La centrale 118 diventa un caso: «No al trasferimento a Pescara»

La fusione delle sedi entro un mese fa discutere, coro di contrari allo spostamento vicino all’aeroporto Febbo risponde al sindaco, i consiglieri comunali perplessi: «La città viene privata di un altro servizio»

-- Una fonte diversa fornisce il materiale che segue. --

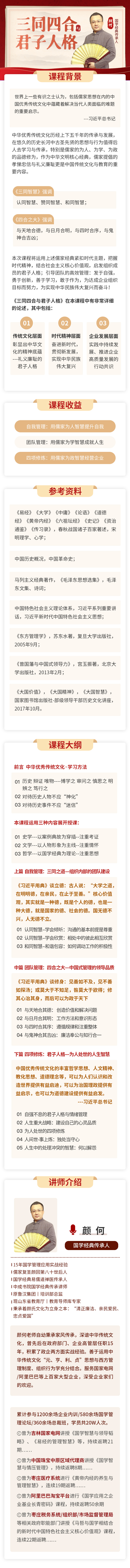 15年國學(xué)管理應(yīng)用實戰(zhàn)經(jīng)驗1儒家復(fù)圣顏回第八十世后人國學(xué)經(jīng)典易儒道禪醫(yī)傳承人|中成書院國學(xué)經(jīng)典傳承講師1原魯漢集團(tuán)|培訓(xùn)部總監(jiān)|現(xiàn)山東省教育廳|教育導(dǎo)師庫專家
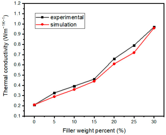 Figure 9 shows the comparison of TC obtained by simulation and tests. The simulation results were obtained by extracting the X-direction heat flow of each node in the heat flow field and calculating it according to Fourier’s law after averaging. It can be seen from Figure 9 that the simulation results were very close to the experimental results.
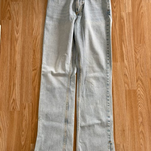 Vaaleat Bik Bokin farkut koossa w28 L32. Malli 90s straight (never denim). Lahkeenpäät kuluneet, muuten perussiistit farkut.
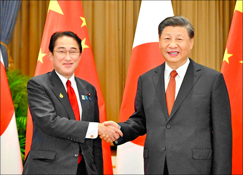 日本首相岸田文雄(左)與中國國家主席習近平,17日在曼谷舉行日中領袖時隔3年以來的第一場面對面高峰會。(路透)
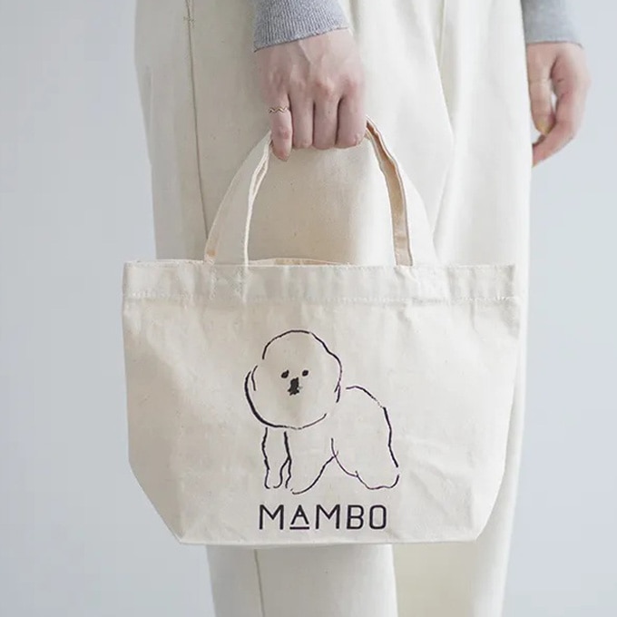 CLASKA Gallery & Shop "DO" オリジナル、イラストレーター 塩川いづみさんの描いたビション・フリーゼ、MAMBO の小ぶりなトートバッグです。ちょっとしたお出かけやお弁当入れにぴったりのサイズ。綿100%、ナチュラルな生成り色の生地で、柔らかな印象です。

CHIETI . Dal consigliere regionale Mauro Febbo agli esponenti del consiglio comunale, è un coro di no quello che arriva alla centrale unica del 118 con Pescara. La fusione entro un mese delle due sedi, annunciata nei giorni scorsi con l’articolo del Centro, è diventata un caso. A nulla sono servite le parole del sindaco di Chieti Diego Ferrara, che ha chiarito non trattarsi di «una spoliazione ai danni della città ma l’espressione di una razionalizzazione della medicina integrata territorio-ospedale». Sono molte le perplessità espresse da gruppi politici e civici.
FEBBO RISPONDE AL SINDACO
Nei giorni scorsi il primo cittadino teatino, intervenendo sul tema, aveva puntato anche il dito contro il consigliere regionale: «Ha avversato per anni il progetto, ora ne diventa il deus ex machina, con la Regione di centrodestra che lo attua», aveva commentato Ferrara. «Ma le origini stanno altrove e questa non è una spoliazione». Dal capogruppo di Forza Italia non tarda la replica: «Ero e sono fortemente contrario a questa decisione che è targata dal duo Luciano D’Alfonso e Silvio Paolucci a danno della sanità teatina». E aggiunge: «La contrarietà non nasce dallo spirito campanilistico, ma dalla analisi tecnico economico e di costo-benefici. Chieti aveva una centrale all’avanguardia, di oltre 300 metri quadrati, quindi eventualmente anche in grado di ospitare quella unica evitando spese e sperpero del denaro pubblico».
LE PERPLESSITÀ
Sulla centrale unica del 118 intervengono anche i gruppi civici “Chi ama Chieti” e “Chieti c’è”: «Siamo perplessi e preoccupati per lo spostamento». Il consigliere Valerio Giannini entra nel merito: «Se è vero che questa amministrazione poco avrebbe potuto fare per evitare una decisione definita nel giugno 2018 con la sigla del protocollo d'intesa tra Regione, Saga e le due aziende sanitarie locali interessate, posto che non si perderanno postazioni, ambulanze e servizi, non si può giustificare l’ennesima spoliazione ai danni dell’intera comunità teatina». E continua: «In futuro non permetteremo che decisioni di questo tipo vedano Chieti privarsi di sedi e funzioni». Il consigliere Damiano Zappone puntualizza: «La priorità del nostro agire è preservare, anzi migliorare i presidi medico sanitari sul territorio, vigilando attentamente e quotidianamente sull’operato dell’azienda sanitaria e del governo regionale».
POMPILIO
Infine la consigliera comunale di Azione Politica, Serena Pompilio, attacca l’amministrazione. «Evidentemente non ci si rende conto, o si fa finta di farlo, cosa significhi perdere una funzione così importante». E poi sull’assessore comunale alla sanità Fabio Stella: «Mi ha sorpreso il suo silenzio, non si comprende quale contributo tecnico stia dando per la città». E conclude: «Non dimentico che la presidenza della commissione sanità al Comune di Chieti appartiene proprio al gruppo Chi ama Chieti, che con Gabriella Ianiro nessun contributo valido ha dato al tema».